» **Assignment**: Only the text belongs in the copy. Transcribe the data exactly and drop any pictures.
(Provided material begins)
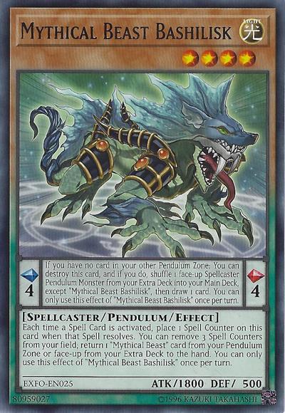 Pendulum EffectIf you have no card in your other Pendulum Zone: You can destroy this card, and if you do, shuffle 1 face-up Spellcaster Pendulum Monster from your Extra Deck into your Main Deck, except ‘Mythical Beast Bashilisk’, then draw 1 card. You can only use this effect of ‘Mythical Beast Bashilisk’ once per turn.Monster EffectEach time a Spell Card is activated, place 1 Spell Counter on this card when that Spell resolves. You can remove 3 Spell Counters from your field; return 1 ‘Mythical Beast’ card from your Pendulum Zone or face-up from your Extra Deck to the hand. You can only use this effect of ‘Mythical Beast Bashilisk’ once per turn.
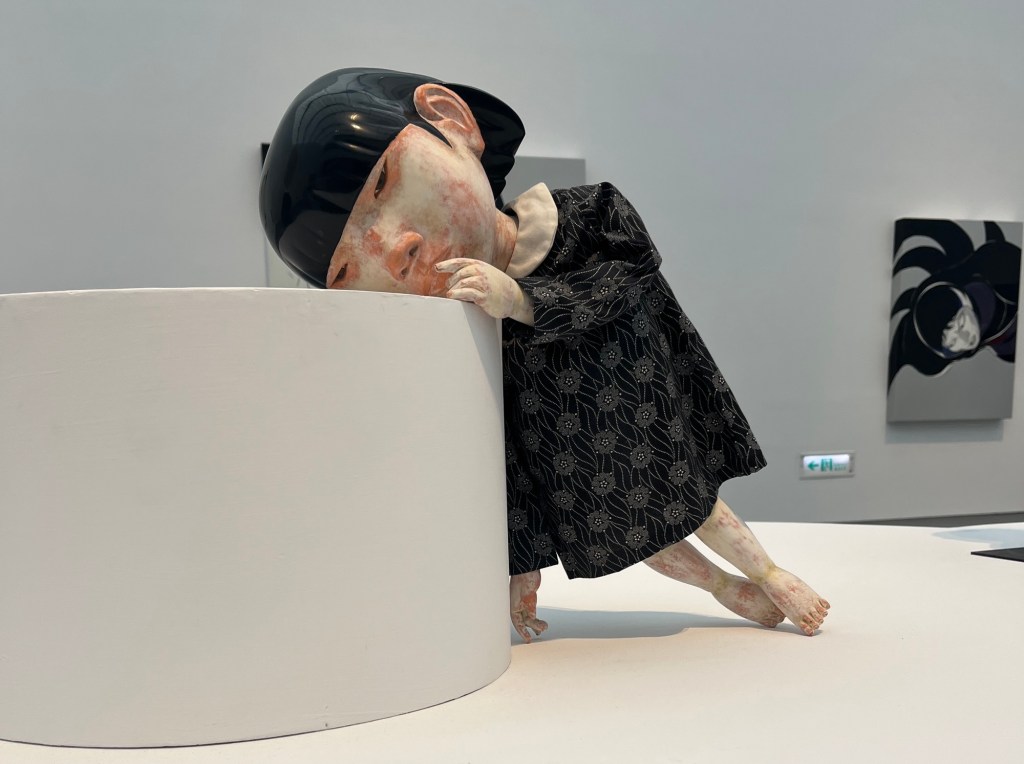 Aurora führt mich schrittweise durch alle Abteilungen, wobei sie (nicht verwunderlich) einen sehr guten Blick dafür hat, welche Kunstwerke interessant sind und welche man rushen kann. Der erste Raum ist vermutlich der, der mir am besten gefällt. Von der ebenfalls sehr hohen Decke klimpert Debussy herunter; Aurora will es mir erklären, aber ich kenne das Stück, „L‘Isle Joyeuse“. Als ich anfange über Ravel zu reden, überschreite ich sogar ihr Wissen über den Impressionismus. Mit Kunst kenne ich mich ja gar nicht aus, aber vermute, dass die Gemälde sich allesamt in dem Stil bewegen. Mir gefallen quasi alle Werke im Raum, die von drei verschiedenen Künstlern aus Japan und Südkorea stammen: Bilder und Figuren von Kindern, in deren Blicke ein Wandtext viel, viel Paychologie interpretiert: comichafte Superhelden aus Animes, die Aurora schon in ihrer Kindheit (Jahrgang 1973) gesehen hat; und leicht verstörende Figuren mit riesigen Augen.
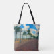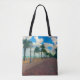 La fotografía original de ZoeSPEAK en esta bolsa de Tote es un paisaje del paseo marítimo a lo largo de la playa en Hollywood, Florida. El tiempo es frío y la brisa, la playa está vacía y a lo lejos sólo se puede ver a unas pocas personas en el paseo. Las palmeras se están alejando del agua y el cielo tropical azul está lleno de nubes blancas.
(Provided material ends)
» **Task response**:
 Pendulum EffectIf you have no card in your other Pendulum Zone: You can destroy this card, and if you do, shuffle 1 face-up Spellcaster Pendulum Monster from your Extra Deck into your Main Deck, except ‘Mythical Beast Bashilisk’, then draw 1 card. You can only use this effect of ‘Mythical Beast Bashilisk’ once per turn.Monster EffectEach time a Spell Card is activated, place 1 Spell Counter on this card when that Spell resolves. You can remove 3 Spell Counters from your field; return 1 ‘Mythical Beast’ card from your Pendulum Zone or face-up from your Extra Deck to the hand. You can only use this effect of ‘Mythical Beast Bashilisk’ once per turn.
 Aurora führt mich schrittweise durch alle Abteilungen, wobei sie (nicht verwunderlich) einen sehr guten Blick dafür hat, welche Kunstwerke interessant sind und welche man rushen kann. Der erste Raum ist vermutlich der, der mir am besten gefällt. Von der ebenfalls sehr hohen Decke klimpert Debussy herunter; Aurora will es mir erklären, aber ich kenne das Stück, „L‘Isle Joyeuse“. Als ich anfange über Ravel zu reden, überschreite ich sogar ihr Wissen über den Impressionismus. Mit Kunst kenne ich mich ja gar nicht aus, aber vermute, dass die Gemälde sich allesamt in dem Stil bewegen. Mir gefallen quasi alle Werke im Raum, die von drei verschiedenen Künstlern aus Japan und Südkorea stammen: Bilder und Figuren von Kindern, in deren Blicke ein Wandtext viel, viel Paychologie interpretiert: comichafte Superhelden aus Animes, die Aurora schon in ihrer Kindheit (Jahrgang 1973) gesehen hat; und leicht verstörende Figuren mit riesigen Augen.
 La fotografía original de ZoeSPEAK en esta bolsa de Tote es un paisaje del paseo marítimo a lo largo de la playa en Hollywood, Florida. El tiempo es frío y la brisa, la playa está vacía y a lo lejos sólo se puede ver a unas pocas personas en el paseo. Las palmeras se están alejando del agua y el cielo tropical azul está lleno de nubes blancas.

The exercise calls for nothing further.